In the control panel Domain -> Web Features I see bits that relate to the headers and expires lines I found in /opt/configs/apache/conf/domains/mtc1.uk.conf.
I tried setting "Static Files Expire" to -1 for the domain, but did not see a difference for the php files.
I have tried commenting out the line:
LoadModule expires_module modules/mod_expires.so
in /etc/httpd/conf.modules.d/00-base.conf, and that stops the expired headers for everything,
So php files work normallly, but the useful caching is lost.
With mod_expires back in again, I tried editing
/opt/configs/apache/conf/domains/mtc1.uk.conf
In the web section for my domain:
<IfModule mod_headers.c>
Header always set X-Content-Type-Options "nosniff"
Header always set X-XSS-Protection "1;mode=block"
Header always set X-Frame-Options "SAMEORIGIN"
Header always set Access-Control-Allow-Origin "*"
Header always set X-Supported-By "Kloxo-MR 7.0"
RequestHeader unset Proxy early
</IfModule>
<IfModule mod_expires.c>
ExpiresActive On
ExpiresByType image/x-icon "access plus 7 days"
ExpiresByType image/gif "accesss plus 7 days"
ExpiresByType image/png "access plus 7 days"
ExpiresByType image/jpg "access plus 7 days"
ExpiresByType image/jpeg "access plus 7 days"
ExpiresByType text/css "access plus 7 days"
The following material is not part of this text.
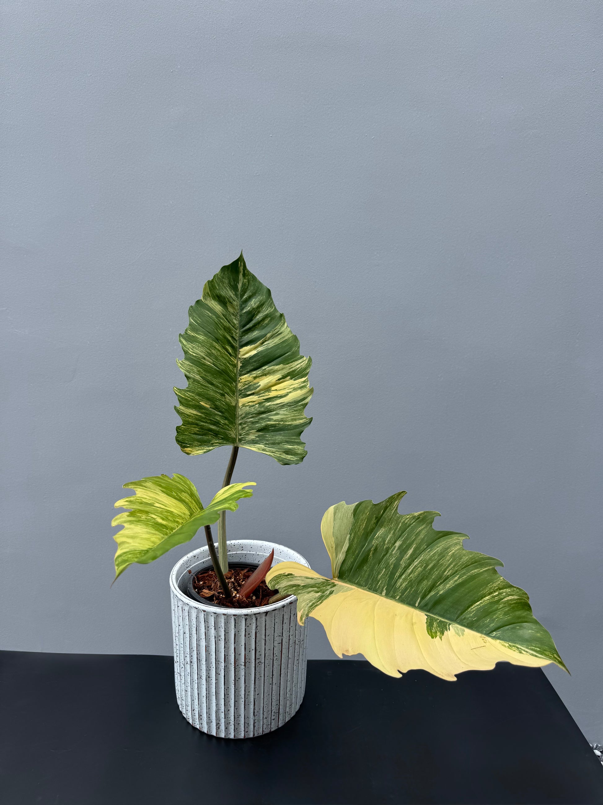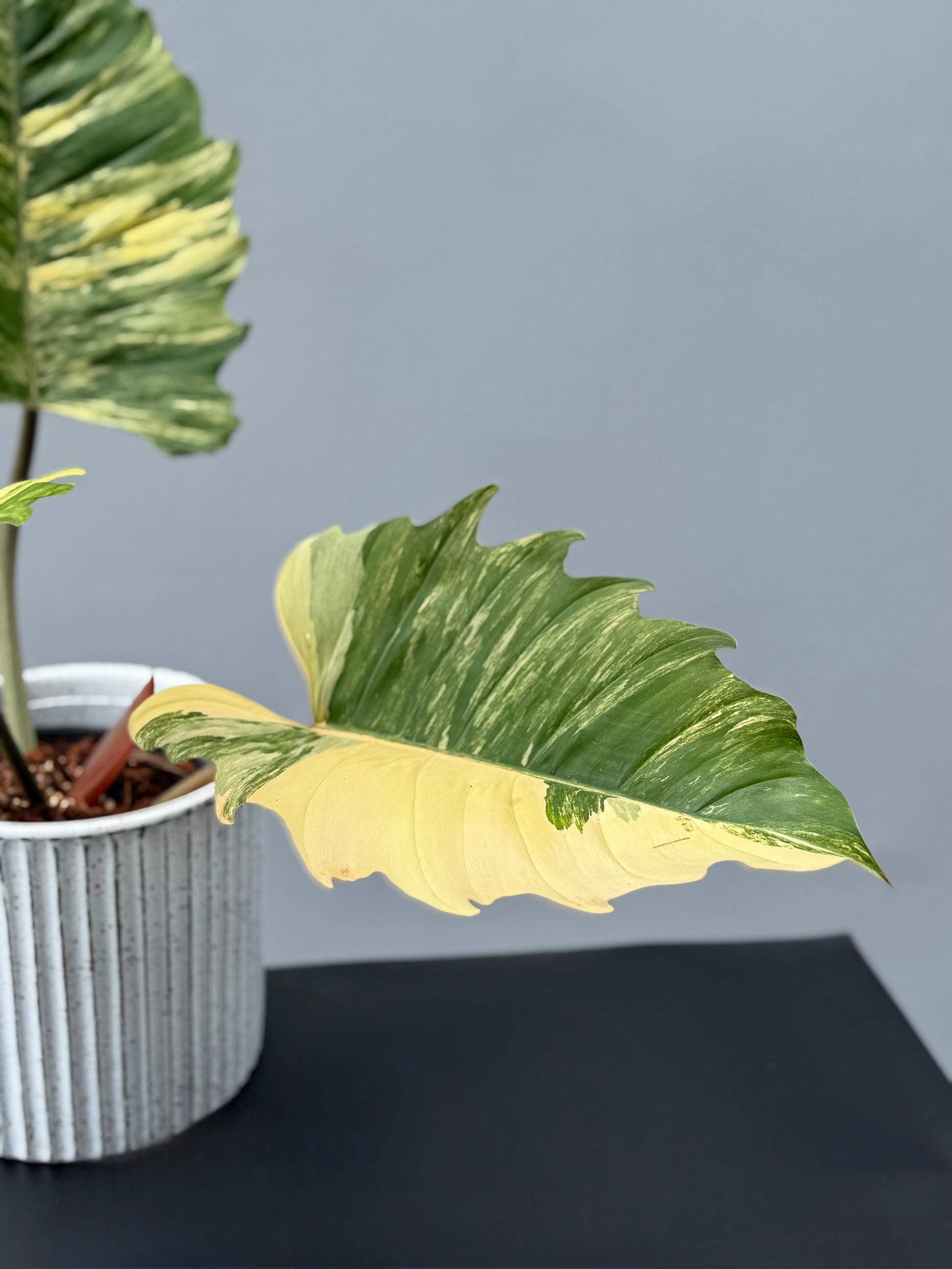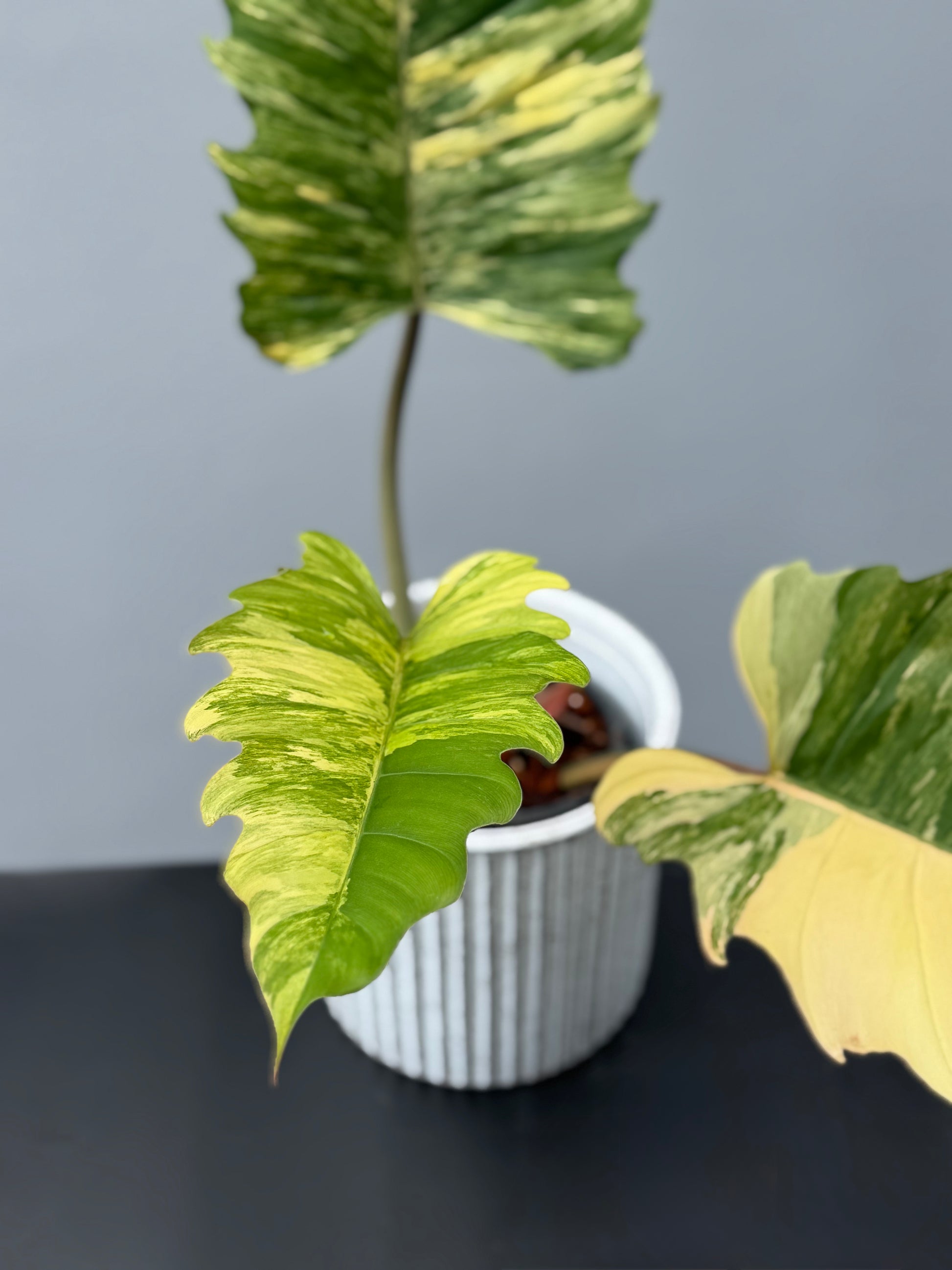 The Philodendron Caramel Marble stands out with its marbled foliage in caramel and cream tones, offering a rare and refined aesthetic.

ExpiresByType application/pdf "access plus 7 days"
ExpiresByType text/x-javascript "access plus 7 days"
ExpiresDefault "access plus 7 days"
</IfModule>
Changing the text in "X-Supported-By" did not show up in the headers.
Trying ExpiresDefault "access plus 1 seconds"
did not change the headers for php.
Changes to this file don't seem to take effect after a restart-web.
Am I editing the wrong place?
I have tried this in a .htacccess file, but did not see any difference:
---
# Requires mod_expires to be enabled.
<IfModule mod_expires.c>
# Enable expirations.
ExpiresActive On
# Cache all files for 2 weeks after access (A).
ExpiresDefault A1209600
<FilesMatch \.php$>
# Do not allow PHP scripts to be cached unless they explicitly send cache
# headers themselves. Otherwise all scripts would have to overwrite the
# headers set by mod_expires if they want another caching behavior. This may
# fail if an error occurs early in the bootstrap process, and it may cause
# problems if a non-Drupal PHP file is installed in a subdirectory.
ExpiresActive Off
</FilesMatch>
</IfModule>
---
That was from a Drupal installation, and looked useful.
For now the quick fix is to disable mod_expires. I hope the default configuration can be changed so it doesn't affect dynamic files.